Dear @duygucelikertugrul,
Thank you for your submission. The review will be executed as a two stage process:
First, you will have to pass OBO NOR Dashboard. Pass means that no check apart from Users and Versioning may be red.
After you have successfully passed the Dashboard you will be assigned an OBO Operations committee member to review the ontology. The assigned reviewer is to be considered the final arbiter of requirements; look to that reviewer's guidance regarding which suggestions made by other reviewers must be done, which suggestions are simply good to do but not required, and which should not be done.
Usually, the review will result in an opportunity for you to improve the ontology. When the reviewer believes the ontology is ready for presentation to the OBO Operations Committee, they will present your ontology during an OBO Operations Call.
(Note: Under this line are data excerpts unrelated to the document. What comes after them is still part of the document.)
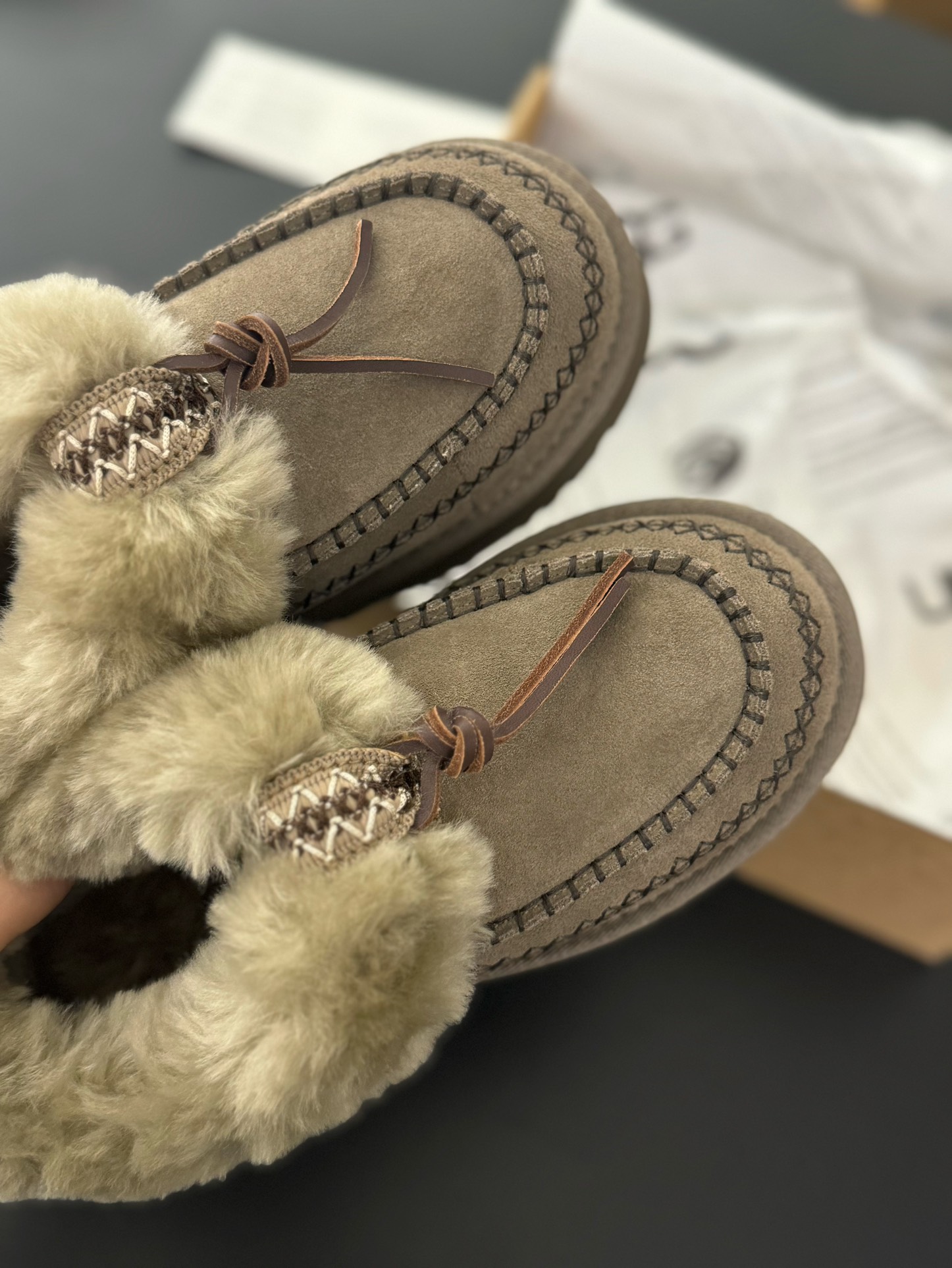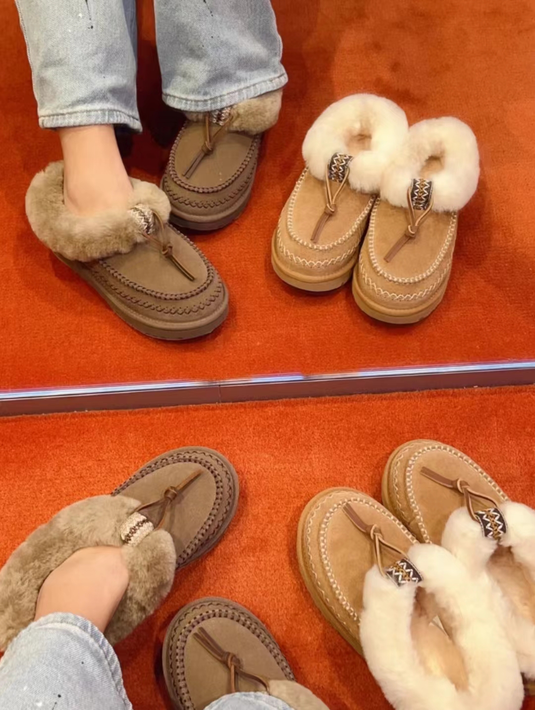 代购级品质 牛皮鞋面+羊皮毛一体。eva 不易变形大底。颜色 :栗色 胡桃木色。码数:35-40。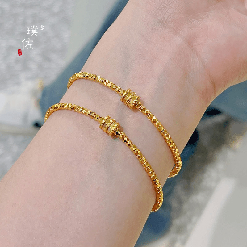 Gold shop with 24k bright gold small man waist disco ball bead bracelet women's flash broken gold design jewelry for girlfriend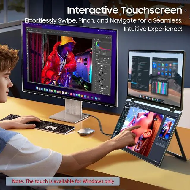 Enhanced Control: Navigate, swipe, and interact directly with your content thanks to the responsive touchscreen. Whether you're editing, sketching, or simply scrolling, the intuitive touch experience brings a new level of convenience and precision to your workflow, making this dual screen monitor a true laptop screen extender. IPS screen, 100% sRGB color gamut and E<2 guarantee accurate color reproduction. *The touch is available for Windows only* ^^ All-in-One Connectivity for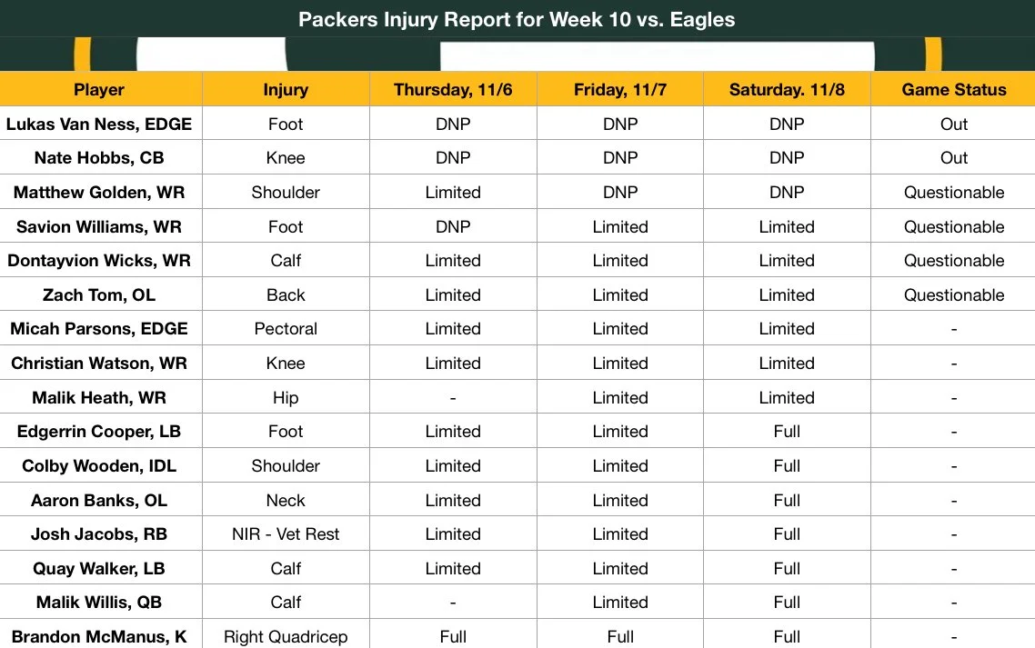 Unlike the Eagles, Green Bay’s injury report looked worse on Friday. While Savion Williams was upgraded from a DNP to a limited participant, Matthew Golden was downgraded from a limited participant to a DNP due to a shoulder injury.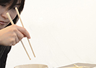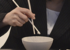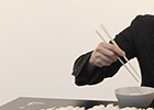 In this performance, the audience was invited to join me at the dinner table. They then tried to follow a set of instructions on the proper use of chopsticks being dictated to them by an audio recording.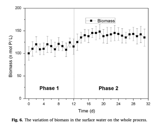 5 測量了地表水中生物量的變化。數據來自圖6,顯示Phase 2中PHA添加后生物量略有增加但整體穩定。研究意義在于驗證微生物附著在膜上而非釋放到水體,避免二次污染。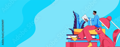 Character reading quietly vector concept operation hand drawn illustration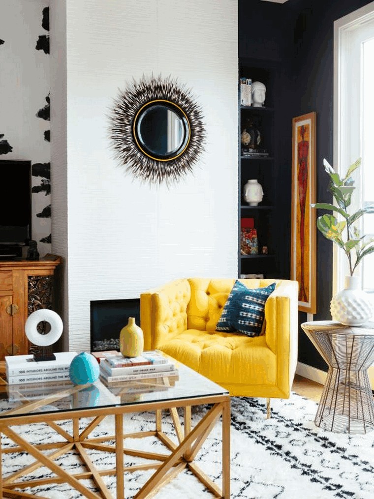 Ярко-синие и жёлтые оттенки создают идеальную комбинацию, тем самым делая интерьер более стильным и современным. Этот дуэт выглядит особенно потрясающе в сочетании с нейтральными тонами, такими как чёрный и белый.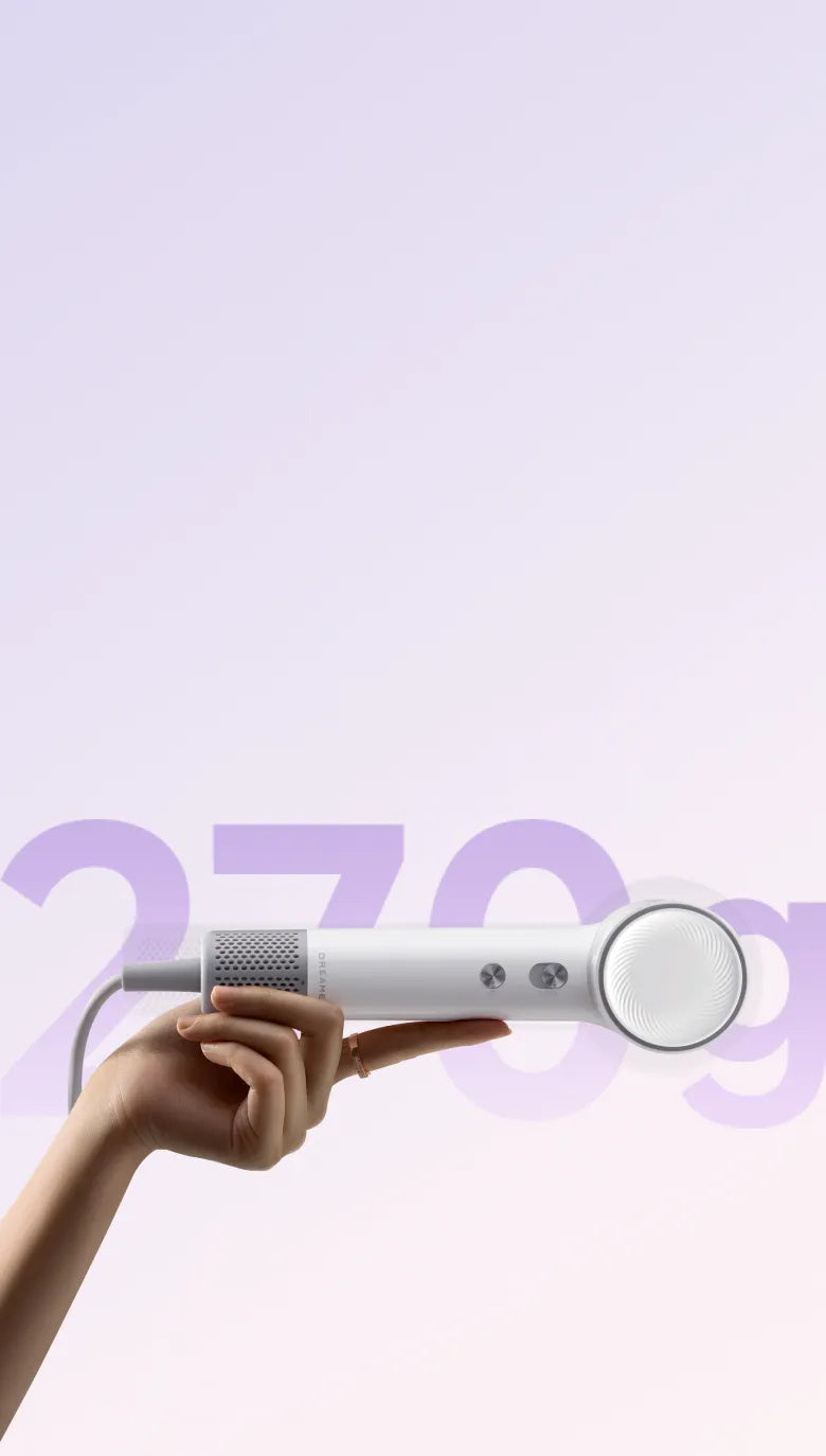 Dreame Mini-hårtørrer med høj hastighed leverer en stærk ydeevne i et kompakt design, og vejer ikke mere end en kaffekop. Den lille størrelse gør den nem at bære, hvilket gør den ideel til rejser, opfriskning af håret efter træning eller til hurtig styling.

This gives other members of the committee the opportunity to assess your work.
When a decision is reached by the committee you will be informed here on the issue tracker. The process can take any number of weeks or months, depending on the case at hand.
Please let us know about any reasons you might have for increased urgency.
You will be informed once your ontology is loaded in the OBO NOR Dashboard.
Good luck!
While this is not the official review, we wanted to point out that there seem to be significant issues with how the ontology is designed. Please check the pre-registration checklist carefully, and make sure that you have understood and implemented these.
In my opinion OTO is not an ontology - It is technically in OWL format, but it comprises mostly a huge ABox:
There is a tiny bit of RBox modelling, but zero TBox, most axiomatisation is in the form of SWRL rules, which is not compatible with any OBO ontology.
You also check all your checkboxes above, but a few are totally wrong, like
No identifier in OTO is designed according to OBO standards.
No small attempt was made to reuse RO relations.
I think this ontology is too far out of scope. @duygucelikertugrul please feel free to argue against me, I am happy to be wrong!
To add to the above, there appear to be no definitions (violation of Principle 6), and the term names violate OBO standards against capitalization (for example, Parent), camel case (for example, MomSuggestions), and use of underscores (for example, Risk_Factor), all of which violate Principle 12.
@duygucelikertugrul
Your ontology is available on the dashboard.
As indicated by the dashboard and previous comments, several issues must be addressed before this ontology can be considered a candidate for the OBO Foundry.
@duygucelikertugrul please feel free to respond to our comments - we will close this request on the 10th of December, but you should always feel free to reopen the request or submit a new one! Thank you for your submission.